Ein Sicherungsbedarf ist in der Regel dann gegeben, wenn bestimmte Tatsachen die Annahme rechtfertigen, dass sich der Fremde dem Verfahren oder der Abschiebung entziehen oder diese zumindest wesentlich erschweren werde (§ 76 Abs. 3 FPG). Es ist allerdings nicht erforderlich, dass ein Verfahren zur Erlassung einer aufenthaltsbeendenden Maßnahme bereits eingeleitet worden ist (VwGH 28.06.2002, 2002/02/0138).
Die fehlende Ausreisewilligkeit des Fremden, d.h. das bloße Unterbleiben der Ausreise, obwohl keine Berechtigung zum Aufenthalt besteht, vermag für sich genommen die Verhängung der Schubhaft nicht zu rechtfertigen. Vielmehr muss der - aktuelle - Sicherungsbedarf in weiteren Umständen begründet sein, etwa in mangelnder sozialer Verankerung in Österreich. Dafür kommt insbesondere das Fehlen ausreichender familiärer, sozialer oder beruflicher Anknüpfungspunkte im Bundesgebiet in Betracht, was die Befürchtung, es bestehe das Risiko des Untertauchens eines Fremden, rechtfertigen kann.
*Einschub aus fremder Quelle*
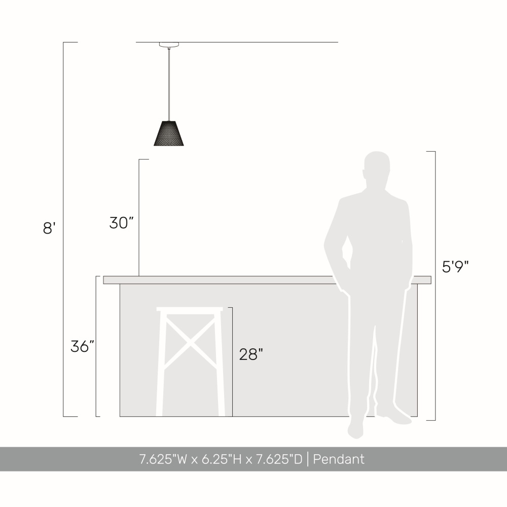 Bring modern elegance into your home with the Golden Lighting Clarus 8in Integrated LED Pendant. Featuring a gray cement shade and a matte black frame, it creates a welcoming atmosphere in any setting. The gray cement shade, meticulously crafted from genuine cast concrete, presents an architectural aesthetic with a raw, industrial texture that beautifully complements contemporary styles. The matte black finish is smooth and versatile, suited for various décor. This pendant is suitable for damp locations, making it ideal for entryways, bathrooms, or compact dining areas. With adjustable height (min: 8.125" - max: 126.25"), installation is simple even on sloped ceilings. Overall dimensions are 7.63"W x 6.25"H x 7.63"D, and it offers integrated LED technology with a luminous output of 350 lumens, featuring an adjustable color temperature setting (3000K, 4000K, 5000K). _Transform your space with this stylish pendant fixture._

Abgesehen von der damit angesprochenen Integration des Fremden in Österreich ist bei der Prüfung des Sicherungsbedarfes auch sein bisheriges Verhalten in Betracht zu ziehen, wobei frühere Delinquenz das Gewicht des öffentlichen Interesses an einer baldigen Durchsetzung einer Abschiebung maßgeblich vergrößern kann (VwGH 21.12.2010, 2007/21/0498; weiters VwGH 08.09.2005, 2005/21/0301; 23.09.2010, 2009/21/0280).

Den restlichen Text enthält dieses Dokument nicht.